# [Task objective]
Word for word, reproduce the listing that follows, excluding any pictures it contains.

# [Given material]
*** Begin section ***
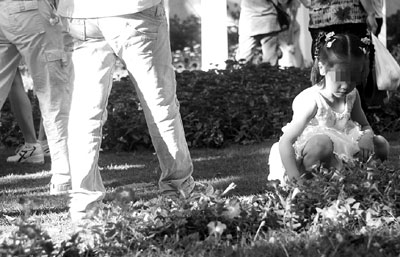 ▲践踏 福州西湖公园,小孩子采花本来就不对了,大人们也忍心践踏这么漂亮的草坪 本报记者 刘昌丰 摄
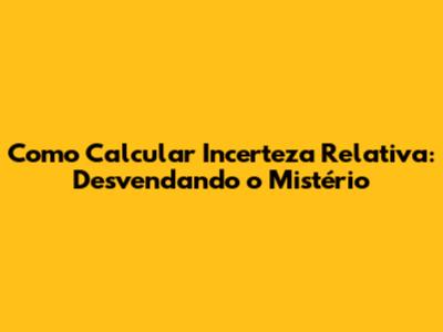 Como Calcular Incerteza Relativa: Desvendando O Mistério
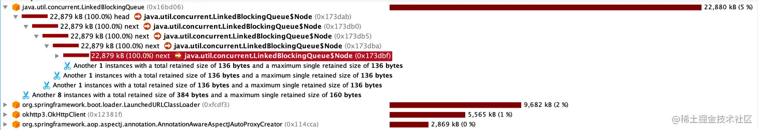 那为什么还是会一直拉取消息呢?巧就巧在这个流控逻辑对于多线程消费的场景是失效的,当提交到ProcessQueue的消息处理请求每次都会被提交到线程池去处理,哪怕线程池处理不了也会丢到队列中去执行,所以就会导致ProcessQueue无法满足消息条数与内存量的大小阈值,从而避开流控,但由于监听器方法处理是需要耗时的,在大流量下处理时间越来越高,但是提交到线程池中(阻塞队列)这就造成了阻塞的无界队列无限变大,在本地复现了之后可以看到整个线程池的等待队列中有几万的消费处理请求,其中每个消费请求都持有了MessageExt对象,当然此时已把内存消耗完了。
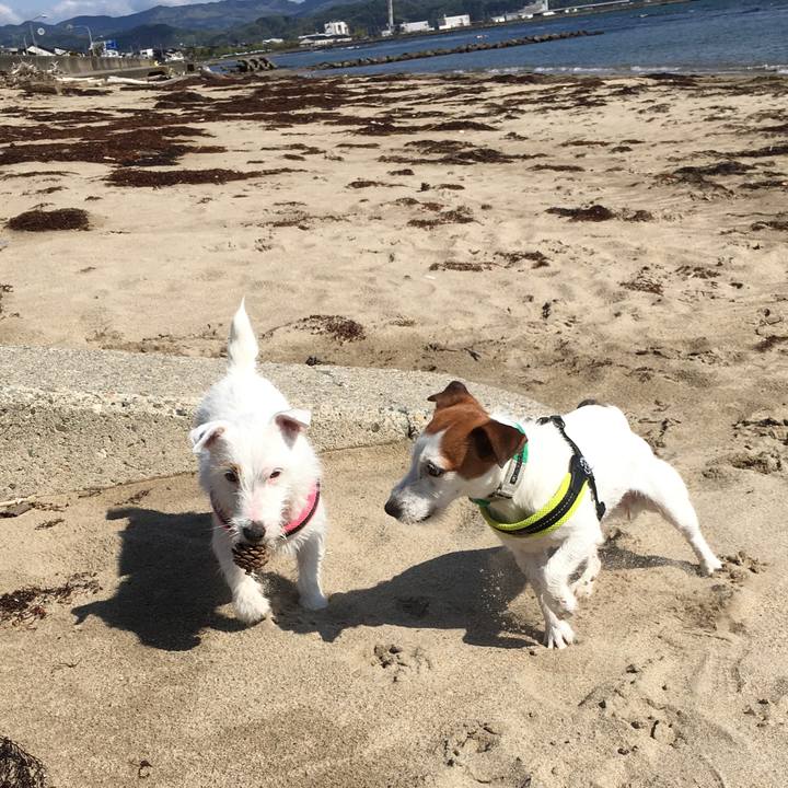 それ貸〜〜して🐶 #話せばわかるイヌ #犬同士で遊ぶ で#うみ散歩
*** End section ***
# [Your response]
 ▲践踏 福州西湖公园,小孩子采花本来就不对了,大人们也忍心践踏这么漂亮的草坪 本报记者 刘昌丰 摄
 Como Calcular Incerteza Relativa: Desvendando O Mistério
 那为什么还是会一直拉取消息呢?巧就巧在这个流控逻辑对于多线程消费的场景是失效的,当提交到ProcessQueue的消息处理请求每次都会被提交到线程池去处理,哪怕线程池处理不了也会丢到队列中去执行,所以就会导致ProcessQueue无法满足消息条数与内存量的大小阈值,从而避开流控,但由于监听器方法处理是需要耗时的,在大流量下处理时间越来越高,但是提交到线程池中(阻塞队列)这就造成了阻塞的无界队列无限变大,在本地复现了之后可以看到整个线程池的等待队列中有几万的消费处理请求,其中每个消费请求都持有了MessageExt对象,当然此时已把内存消耗完了。
 それ貸〜〜して🐶 #話せばわかるイヌ #犬同士で遊ぶ で#うみ散歩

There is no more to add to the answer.